Romania is the twelfth sovereign currently rated by Standard & Poor's that has made the transition to investment grade from speculative grade. The full analysis on the Republic of Romania will be published later today on RatingsDirect, Standard & Poor's Web-based credit analysis system. The report will also be posted on Standard & Poor's public website, www.standardandpoors.com (select Credit Ratings, then select Sovereigns from the left-hand menu, then find under Credit Reports).
"The upgrade stems from the improvement in general government fiscal indicators that has occurred on the back of buoyant domestic demand," said Standard & Poor's credit analyst Moritz Kraemer. "GDP looks set to grow at almost 6% in 2005, with domestic demand expanding almost twice as rapidly."
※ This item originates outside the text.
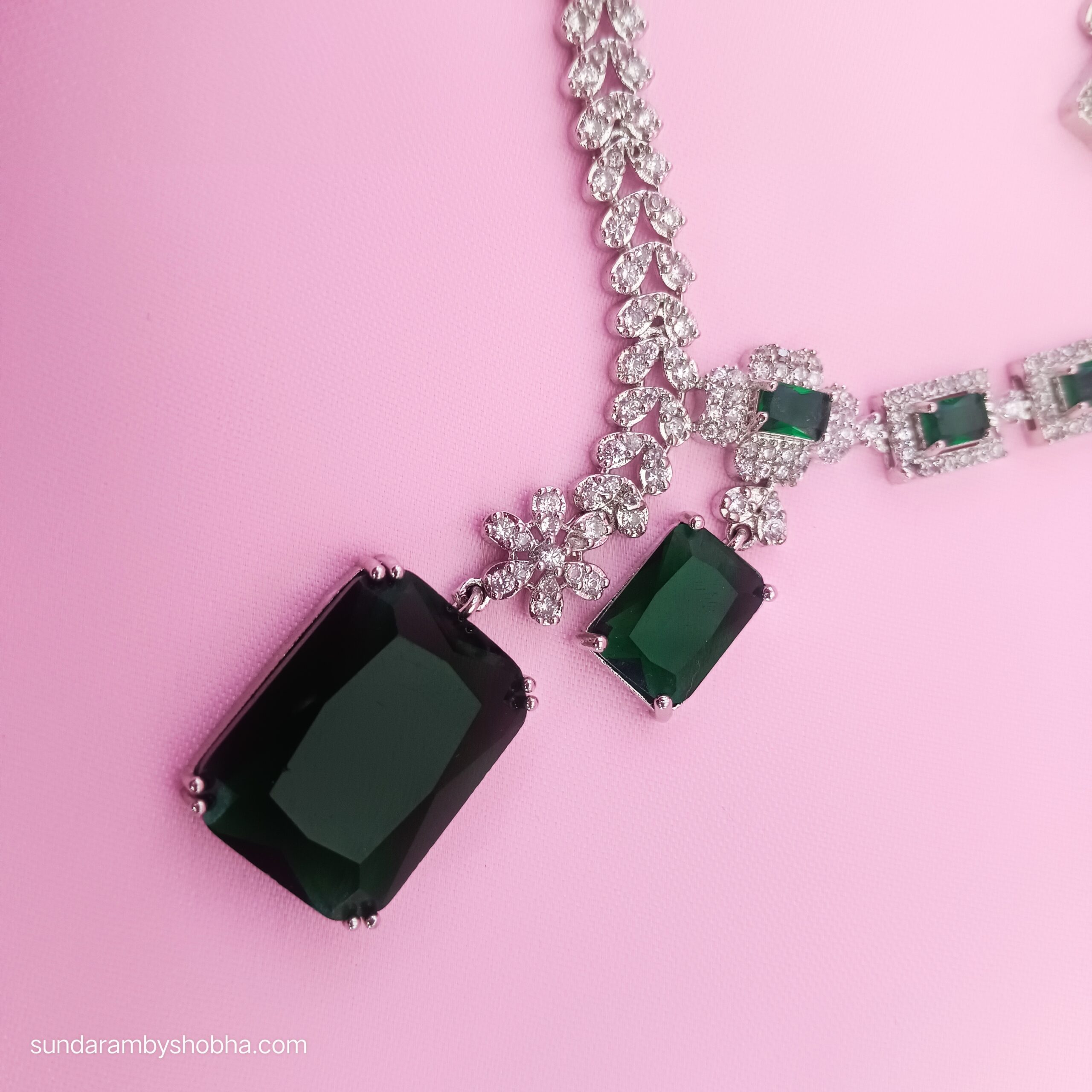 Be the first to review “Designer American Diamond Necklace with Big Green Stone Pendant”

As a result, the general government deficit will reach 1.3% of GDP, despite a comprehensive tax cut associated with the introduction of the 16% flat tax in 2005, and additional spending pressures related to the floods affecting part of the country this summer. General government debt will drop to less than 20% of GDP in 2005, well below the 'BBB' median. Sustained fiscal consolidation and parastatal budget control will lead to a stabilizing general government debt ratio. By the end of the current decade, this ratio will inch up to a moderate 22% of GDP, as GDP growth will ease toward a more sustainable 5.0% and EU-accession related spending pressures will make themselves felt.
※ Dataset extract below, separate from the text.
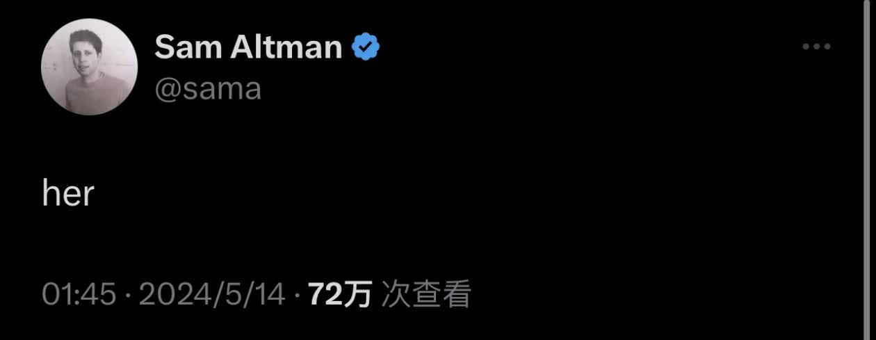 值得注意的是,在發布會的當天,薩姆·奧特曼在社交媒體上發文「her」。斯嘉麗·約翰遜曾用聲音出演了一部知名科幻電影《她》(her)。《她》講述了在不遠的未來,人類與人工智能相愛的科幻愛情電影。男主角在離婚後,接觸到最新的人工智能系統OS1,名為薩曼莎。薩曼莎擁有迷人的聲線,溫柔體貼而又幽默風趣,逐漸讓男主角沉淪。在電影中,薩曼莎則是由斯嘉麗·約翰遜聲音出演。

The ratings on Romania remain constrained by institutional weaknesses, significant external imbalances, low levels of economic prosperity, and a large, albeit declining, loss-making parastatal sector.

"Romania's external imbalances are offset by its EU membership prospects, which would make the growth- and investment-enhancing economic modernization process irreversible," said Mr. Kraemer. "Furthermore, we expect that the government will take the necessary action to reduce the large current account deficit, which could reach 9% of GDP in 2005."

In this context, a prudent approach to public finances and the careful management of capital inflows and the ongoing domestic credit boom will be vital. Failure over the medium-term to effectively mitigate the vulnerabilities caused by the persistent external imbalances could bring the ratings under renewed downward pressure. A delay to EU membership to 2008 is now more likely than entry in 2007, but would not in itself put any downward pressure on the ratings on Romania.

Further improvements of the rating would hinge on policy predictability, sustainable continued real convergence with higher-rated peers, and tangible success in reducing Romania's governance problems.